Assigning the probable causes of hearing loss

Assigning the exact cause of hearing loss is difficult, even in high-resource settings, with all available clinical tools. There is always a trade-off between the level of accuracy and costs. The more detail needed, the higher the survey costs. Given the complexities with assigning a cause the ear examiner can only assign the “probable” causes. This survey protocol takes a pragmatic approach that is feasible in the field, allowing appropriate conclusions to be drawn about what the key service needs are for the population.

To help standardise the assignment of probable causes related to the middle and outer ear (COM - wet, COM -dry, OME, AOM, OE, IW, FB), an algorithm was developed using a review of the literature, expert consultation, and a pilot-test in a clinic-based study in Malawi (see Appendix 1). The algorithm is programmed in to the ODK form as a “decision support system” to guide the examiner. Once the examiner has filled out the questionnaire items related to the features of the ear (e.g. colour of ear drum, presence of discharge, pain etc), a prompt appears in the form with a suggested cause. If the examiner does not agree with the diagnosis, they are required to specify the reason for this. This system allows for clinical judgement, whilst also standardising the assignment of common middle ear causes.

For causes related to the inner ear (i.e. congenital, noise-induced, ototoxic medication, non-infectious disease, infectious disease, or unknown), the assignment is based on clinical history of hearing loss and risk factors (obtained from the questionnaire), the results of the ear examination, and hearing test. Sensorineural causes are grouped in to acquired or sensorineural.

Assigning the type of hearing loss

Causes are grouped in to broad type categories, either probable conductive, sensorineural, or mixed.

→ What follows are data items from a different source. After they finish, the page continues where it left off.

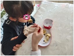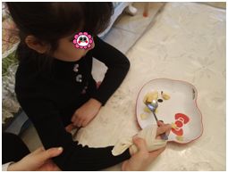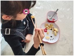 (2)進(jìn)食:進(jìn)食固體或半固體食物時(shí),家長(zhǎng)輔助下將食物盛入合適的碗里放在桌上,對(duì)于抓握較差的腦癱兒童,可以用繃帶固定手抓握勺子,家長(zhǎng)一手輔助腦癱兒童前臂旋前、旋后,一手環(huán)轉(zhuǎn)腕關(guān)節(jié)將食物舀起送入口中(如圖1-3、1-4),反復(fù)練習(xí),提高其進(jìn)食能力。對(duì)于能力稍好的腦癱兒童,可以選取簡(jiǎn)單改裝的筷子,如兩根筷子頂部用橡皮筋各纏繞兩圈固定的方式夾取食物進(jìn)食(如圖1-5、1-6)。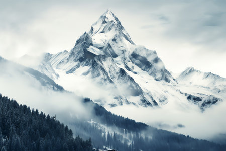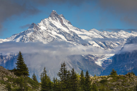Misty Mountain above Grindelwald, Snowcapped Bernese Swiss alps, Switzerland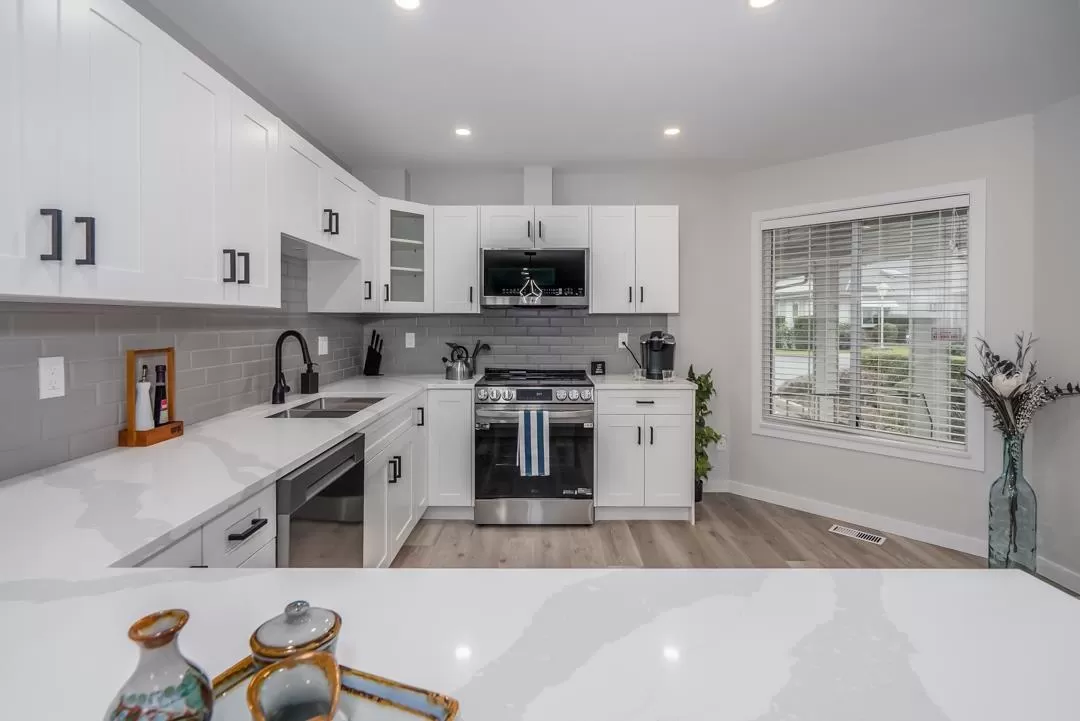 Welcome home to this completely renovated and redesigned rancher with full walk out basement townhome. This 55+ complex is really well maintained and this unit shines. Located in the prime spot in the complex, backing onto a greenbelt, it is private and quiet and really does not feel like townhome living at all. The kitchen/dining room have been opened up to create a much more open concept and now the entire main floor is flooded with light. New kitchen cabinets, quartz counters, appliance, all new flooring, new bathrooms, light fixtures, new trim and paint its all been done here and this property is turnkey and ready for its lucky new owner. The basement has lots of room for visiting family or play space when the grandkids come to visit. Don't miss out call today (id:27476)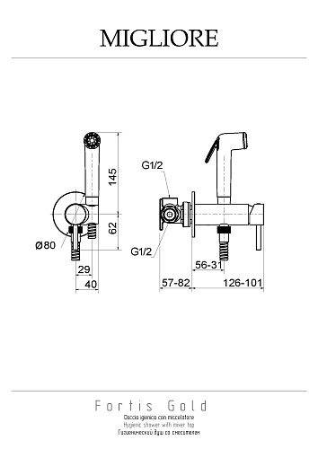 Гигиенический набор Migliore 30455 Fortis душевой, черный матовый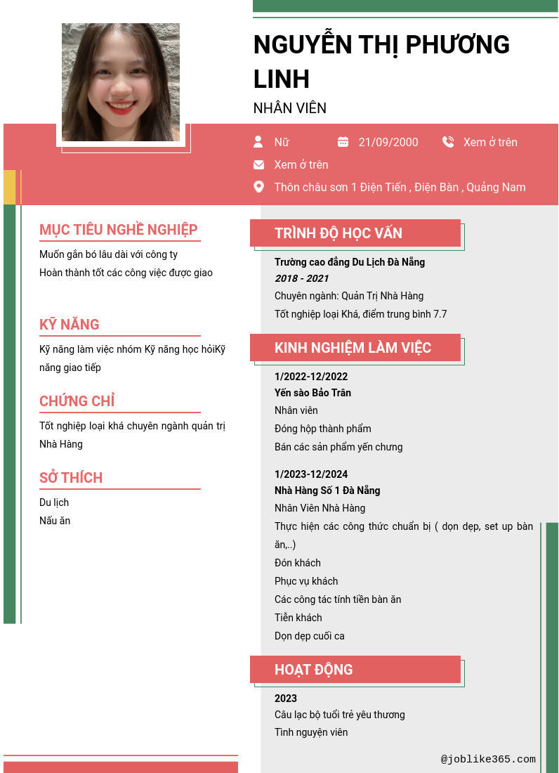 Xem hồ sơ ứng viên Nguyễn Thị Phương Linh cần 2 điểm. Hồ sơ được cập nhật ngày: 14/12/2024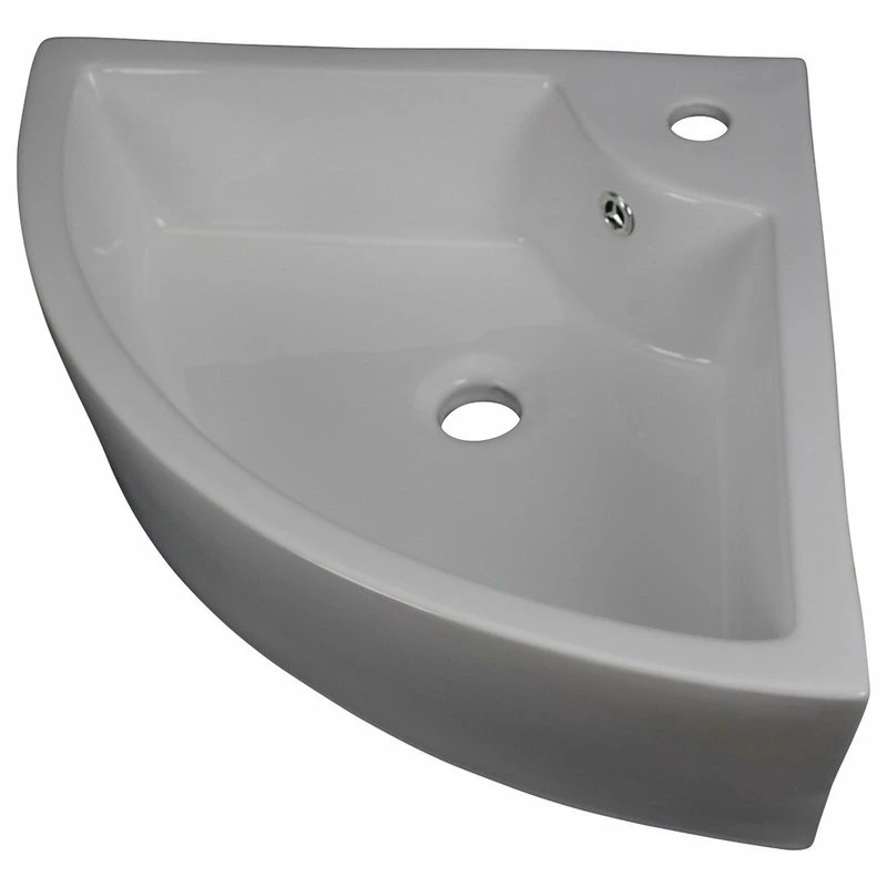 Item 15286 HUDSON WHITE CORNER COUNTERTOP BATHROOM VESSEL SINK The 25-7/8 Inches wide Hudson Bathroom Corner Countertop Vessel Sink from Renovators Supply Manufacturing features a compact design and sleek lines to keep your bathroom spacious and beautiful.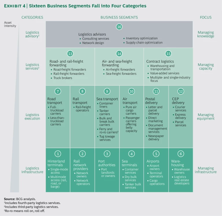 - Sixteen Segments Within Four Broad Categories. T&L businesses can be grouped into 16 segments on the basis of the service provided. These segments can in turn be grouped into four categories on the basis of asset intensity. (See Exhibit 4.)
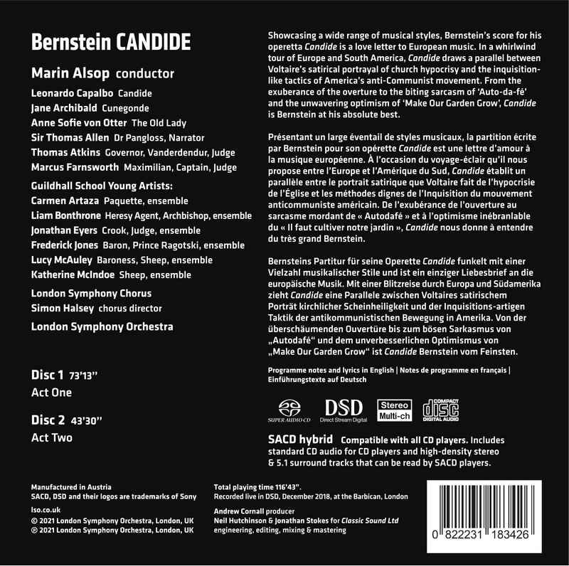 Tracklista: Candide Based on the 2004 Lonny Price production for New York Philharmonic and Marin Alsop A Comic Operetta in Two Acts Lyrics by Richard Wilbur, with additional lyrics by ...

If the ear examination is abnormal and hearing loss present, it is assumed that hearing loss is conductive. If the ear examination is normal and hearing loss is present, it is assumed that the hearing loss is sensorineural. A decision support system is programmed in to the ODK questionnaire to prompt the clinician on the probable type. This is based on the results of the ear examination. At this stage, the clinician can agree or disagree with the suggested type, and if they disagree, a reason for this specified.

Service needs

Table 1 outlines the the likely service needs (diagnostic, surgical, medical) according to the diagnosis. As shown in the table, the service needs for ear disease varies, but for sensorineural or mixed hearing loss the service need is for further diagnostic assessment, and potential hearing aid fitting. The RAHL considers that outer and middle ear pathologies require services regardless of whether hearing loss is present. Diagnostic audiological assessment is needed when a bilateral hearing loss is present which is sensorineural (acquired or congenital) or mixed in nature in both ears. A person may have more than one service need based on the diagnosis in each ear.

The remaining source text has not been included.